Wisconsin Supreme Court Race Preserves 4–3 Liberal Majority in Pivotal Swing State

(Oldglorychronicle.com) – Wisconsin voters just locked in a 4–3 liberal majority on the state Supreme Court through 2035—keeping one unelected institution positioned to reshape abortion rules, labor disputes, and election maps in a pivotal swing state.

Story Snapshot

  • Susan Crawford defeated Brad Schimel in Wisconsin’s April 1, 2025 Supreme Court election, preserving the court’s 4–3 liberal majority for a 10-year term.
  • The contest became the most expensive judicial race in U.S. history, fueled by heavy outside spending and national surrogates.
  • High early turnout—about 600,000 votes before polls opened—signaled how intensely state courts are now politicized post-Roe.
  • With the same majority intact, the court is expected to remain central to fights over abortion policy, labor rules, and redistricting.

Wisconsin’s high court stays liberal after a costly, nationalized race

Susan Crawford, a Dane County Circuit Court judge backed by Democrats, won a 10-year seat on the Wisconsin Supreme Court, defeating conservative-backed Waukesha County Circuit Court Judge Brad Schimel. Major outlets projected a roughly 55% to 45% result, and the outcome keeps the court’s 4–3 liberal majority in place rather than flipping it. For voters, the immediate headline is less about party labels than power: the court’s direction is now set for years on issues that legislature stalemates often cannot resolve.

The race drew unusual attention because Wisconsin’s Supreme Court elections are officially nonpartisan while functioning like partisan proxy battles. The contest featured massive spending and prominent involvement from national figures, including President Donald Trump endorsing Schimel and Elon Musk financially supporting him, while Democrats and aligned donors backed Crawford. Election analysts tied the intensity to what the court can decide next: abortion rules after the issue returned to the states, and legal fights that can directly affect political power in Madison and Washington.

Why state courts became the new front line after abortion shifted to the states

Wisconsin illustrates a broader national trend: once the U.S. Supreme Court pushed abortion policy back to state governments, state supreme courts became the arena where unsettled questions get answered. In Wisconsin, liberals flipped the court to a 4–3 majority in 2023, opening the door to rulings that can revisit Republican-drawn maps and influence how state law treats abortion restrictions linked to older statutes. Crawford’s win protects that majority, meaning the legal framework built since 2023 is more likely to continue than be reversed.

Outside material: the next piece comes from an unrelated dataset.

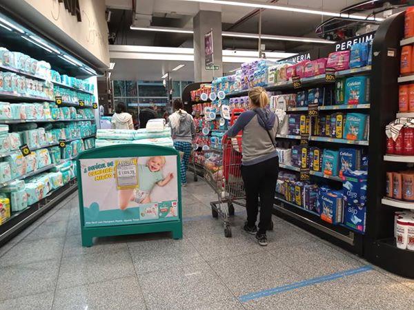 現在 スーパーのレジ付近にはこのように目印のラインが貼ってありまして、近づかないようにとなっています。社会的距離を保つためで感染を予防する訳です。

Supporters of the winning side cast the outcome as protection of rights, while conservatives view it as another example of major cultural and policy decisions flowing through courts rather than elected legislatures. The frustration is not limited to one party: many Americans are tired of governance that feels like permanent litigation, where policy swings depend on who wins a judicial race instead of transparent lawmaking. Wisconsin’s election underscored that dynamic—voters essentially chose which legal philosophy will referee future disputes in a state that often decides national outcomes.

Outside money, celebrity politics, and the reality of “nonpartisan” elections

The election was widely described as the most expensive judicial race in U.S. history, a milestone that reinforces how courts are now treated as political prizes. Both parties and their donor ecosystems poured resources into messaging designed to mobilize reliable turnout coalitions, especially in urban and suburban hubs. High early voting—reported at around 600,000 ballots before polls opened—showed that voters were responding to that mobilization. In practical terms, this is what “nonpartisan” looks like today: partisan stakes without partisan labels on the ballot.

The involvement of national figures also mattered politically because Wisconsin is a proving ground for broader narratives. Democrats portrayed the result as a rebuke to Trump-aligned efforts and to Musk’s high-profile spending, while Republicans highlighted the role of major liberal donors and national Democratic networks. The sources available do not provide a complete, unified accounting of total spending in one place, but they consistently describe a record-setting financial arms race—evidence that confidence in neutral institutions is weakening, even as reliance on courts is growing.

What the decision means for abortion, labor disputes, and election maps

With the court’s ideological balance unchanged, upcoming cases are likely to be evaluated through the same majority lens that has been in place since 2023. That matters because the court can influence how far abortion restrictions reach, how labor-related disputes are decided, and how redistricting fights play out. In a closely divided state, map decisions can ripple into U.S. House control, making court outcomes indirectly relevant to national policymaking even when Congress and the White House are run by Republicans.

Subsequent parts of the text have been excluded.